Ten nie. Za duży, on jest większy ode mnie. Jezu, ten rodem z wieku Mongołów! Takim to chyba tylko teletubisie mogą się posługiwać! Złe strzały! Nie! Źle, źle, źle! Nie fajnie! Ja chcę dobry łuk! Łukowaty łuk! A nie, w postaci… dwóch odrębnych części.
Es umie znaleźć nawet łuk, który jest złamany na dwa- brawo!
W końcu znalazłam- nietknięty już od dłuższego czasu. Chwyciłam go- był piękny. Majestatyczny, dumny i cudowny. Wygięty w dwa lekkie łuki, z cięciwą, która miała perfekcyjne naciągnięcie. Do tego kołczan, ze strzałami. Czerwono-niebieskie piórka były delikatne, kiedy musnęłam je palcem.
A teraz się pochwalę- widziałam to wszystko na filmach! Tak tak, kiedy znajdowałam się w „najczerniejszym” w dołku psychicznym i przyszedł Nick w roli dobrego przyjaciela z paczką chipsów i… wideo z jakąś akcją. A ponieważ od dziecka byłam zakochana w łuku (wiecie, jęczałam tacie, że chcę iść na zajęcia z łucznictwa… zrobiłam łuk z drewna i sznurka… i krzywe strzały… takie tam), no więc zwykle interesowały mnie ściśle takie filmy.
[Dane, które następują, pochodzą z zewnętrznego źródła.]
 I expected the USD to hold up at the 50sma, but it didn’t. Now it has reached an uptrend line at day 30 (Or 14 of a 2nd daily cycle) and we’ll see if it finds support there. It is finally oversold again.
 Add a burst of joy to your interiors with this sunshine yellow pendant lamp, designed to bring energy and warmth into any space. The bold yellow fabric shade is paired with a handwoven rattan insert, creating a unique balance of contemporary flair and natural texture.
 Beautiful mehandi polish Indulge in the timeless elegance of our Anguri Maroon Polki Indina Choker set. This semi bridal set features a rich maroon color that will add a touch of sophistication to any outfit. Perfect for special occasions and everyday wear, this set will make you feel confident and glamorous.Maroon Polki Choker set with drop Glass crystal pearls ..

A moje poczucie, że takie coś jest dla mnie, wzmocniło się, kiedy na obozie miałam zajęcia strzelania. Cudo! Całą sytuację doprawiały przeczytane książki, w których, owszem, znajdował się dość często rzeczony przedmiot.
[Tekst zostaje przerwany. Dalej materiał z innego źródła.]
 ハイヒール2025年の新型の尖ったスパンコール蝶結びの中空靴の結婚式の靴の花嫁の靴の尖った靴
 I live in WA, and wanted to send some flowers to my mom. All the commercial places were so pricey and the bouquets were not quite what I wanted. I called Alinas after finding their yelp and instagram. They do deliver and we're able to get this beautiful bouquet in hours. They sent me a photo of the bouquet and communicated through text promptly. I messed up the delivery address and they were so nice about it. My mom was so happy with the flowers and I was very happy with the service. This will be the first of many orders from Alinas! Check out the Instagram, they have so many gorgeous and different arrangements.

Zawsze marzyłam, żeby posługiwać się tą bronią. Wydawała mi się taka… królewska. Dobra, idealna dla mnie.
Zarzuciłam kołczan na plecy, a do dłoni wzięłam łuk. Szybkim ruchem wyciągnęłam jedną strzałę i nałożyłam ją na cięciwę. Naciągając ją, odwróciłam się do Nicka i wycelowałam grot w jego pierś.
A on stał.
Spojrzałam na niego z wyrzutem. Zepsuł mi efekt, no!
– O rany– wyjęczał chłopak, przez co parsknęłam śmiechem. – Wyglądasz jak Katniss Everdeen.
Prychnęłam i włożyłam strzałę do kołczanu. Pff, on mnie do jakiejś zagłodzonej dziewczyny porównuje! Ja się pytam: CO?! Jak to? Mój własny przyjaciel… taka zdrada.
– Muszę iść na kurs, żeby się nauczyć strzelać – powiedziałam, przeciskając się obok Nicka i wychodząc na zewnątrz.
– Jasne – mruknął – a potem będziesz sobie ustawiać moją głowę za cel.
Wzniosłam oczy ku niebu.
***
– O, co to? – Spojrzałam na wznoszący się namiot na środku pola. Jego ściany były białe i lśniące (Boże, z czego to jest zrobione?), aż świeciło w oczy. Nie w pierwszej chwili go zauważyłam- dopiero, gdy wyłonił się zza drzew. A zwróciłam na to uwagę tylko dlatego, że jakiś dzieciak popisowo się wywalił, bo prawdopodobnie potknął się o wystający, jak to bywa z namiotami, kołek. No, może jeszcze przez oczojebność tego płótna, ale to zostawmy.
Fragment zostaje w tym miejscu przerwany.